What is needed is a faithful copy of all the entries, with no pictures in it.

--- Data section Enclosed Below ---

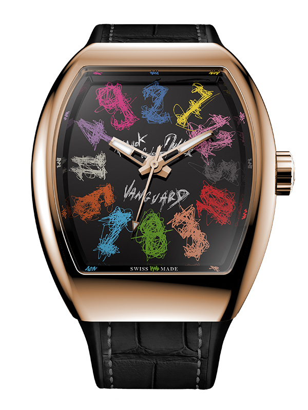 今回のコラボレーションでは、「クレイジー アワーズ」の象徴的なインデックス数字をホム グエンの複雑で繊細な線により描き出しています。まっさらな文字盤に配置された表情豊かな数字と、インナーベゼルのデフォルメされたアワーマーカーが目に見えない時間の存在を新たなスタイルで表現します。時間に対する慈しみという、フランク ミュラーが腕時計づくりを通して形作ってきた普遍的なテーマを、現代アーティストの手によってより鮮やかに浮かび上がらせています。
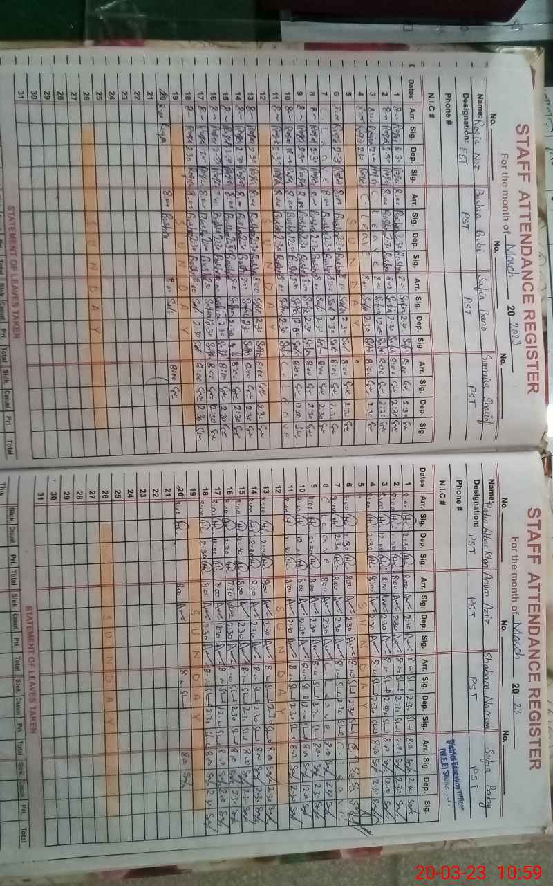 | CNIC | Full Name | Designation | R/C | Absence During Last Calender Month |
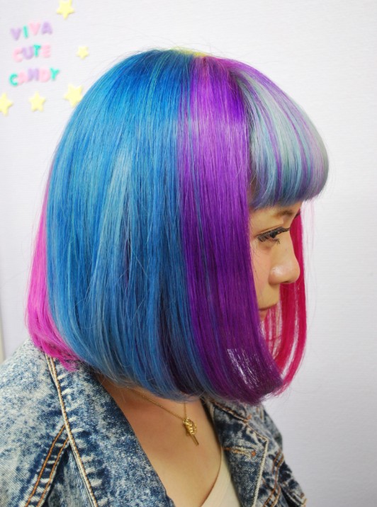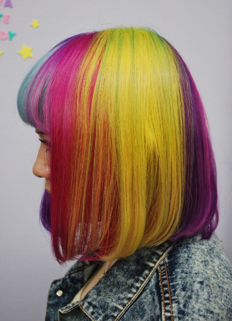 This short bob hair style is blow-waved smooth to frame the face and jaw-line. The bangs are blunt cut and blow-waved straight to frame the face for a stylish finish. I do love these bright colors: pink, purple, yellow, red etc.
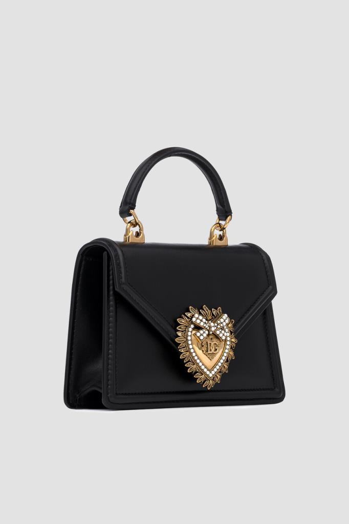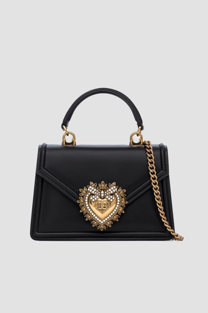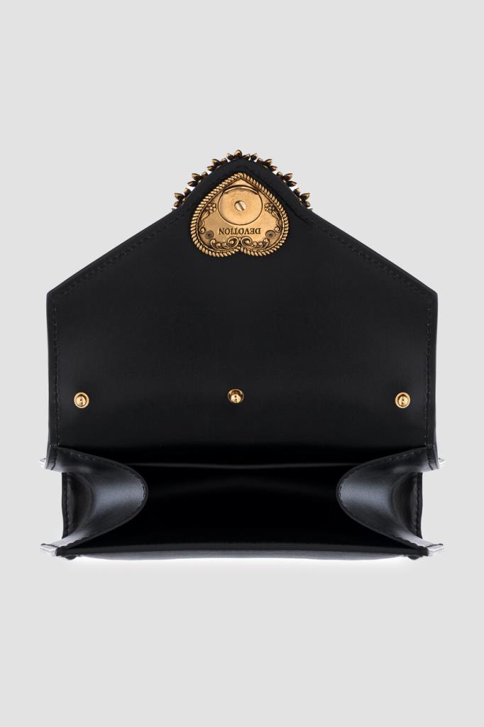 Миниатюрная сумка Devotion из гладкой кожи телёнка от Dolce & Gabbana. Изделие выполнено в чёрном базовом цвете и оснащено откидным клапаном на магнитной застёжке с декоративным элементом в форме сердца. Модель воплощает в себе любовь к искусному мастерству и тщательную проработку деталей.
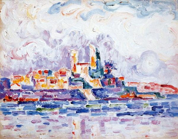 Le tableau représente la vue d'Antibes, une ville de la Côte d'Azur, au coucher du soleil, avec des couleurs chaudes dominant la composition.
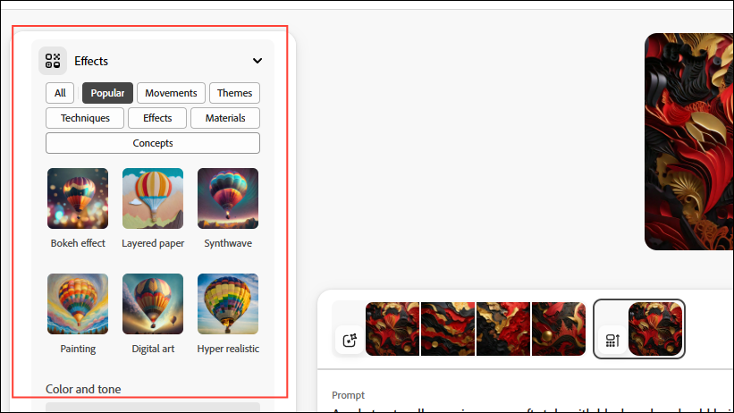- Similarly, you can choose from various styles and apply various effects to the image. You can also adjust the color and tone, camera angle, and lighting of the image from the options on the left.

--- End of Enclosed Data section ---

Task answer:
 今回のコラボレーションでは、「クレイジー アワーズ」の象徴的なインデックス数字をホム グエンの複雑で繊細な線により描き出しています。まっさらな文字盤に配置された表情豊かな数字と、インナーベゼルのデフォルメされたアワーマーカーが目に見えない時間の存在を新たなスタイルで表現します。時間に対する慈しみという、フランク ミュラーが腕時計づくりを通して形作ってきた普遍的なテーマを、現代アーティストの手によってより鮮やかに浮かび上がらせています。
 | CNIC | Full Name | Designation | R/C | Absence During Last Calender Month |
 This short bob hair style is blow-waved smooth to frame the face and jaw-line. The bangs are blunt cut and blow-waved straight to frame the face for a stylish finish. I do love these bright colors: pink, purple, yellow, red etc.
 Миниатюрная сумка Devotion из гладкой кожи телёнка от Dolce & Gabbana. Изделие выполнено в чёрном базовом цвете и оснащено откидным клапаном на магнитной застёжке с декоративным элементом в форме сердца. Модель воплощает в себе любовь к искусному мастерству и тщательную проработку деталей.
 Le tableau représente la vue d'Antibes, une ville de la Côte d'Azur, au coucher du soleil, avec des couleurs chaudes dominant la composition.
- Similarly, you can choose from various styles and apply various effects to the image. You can also adjust the color and tone, camera angle, and lighting of the image from the options on the left.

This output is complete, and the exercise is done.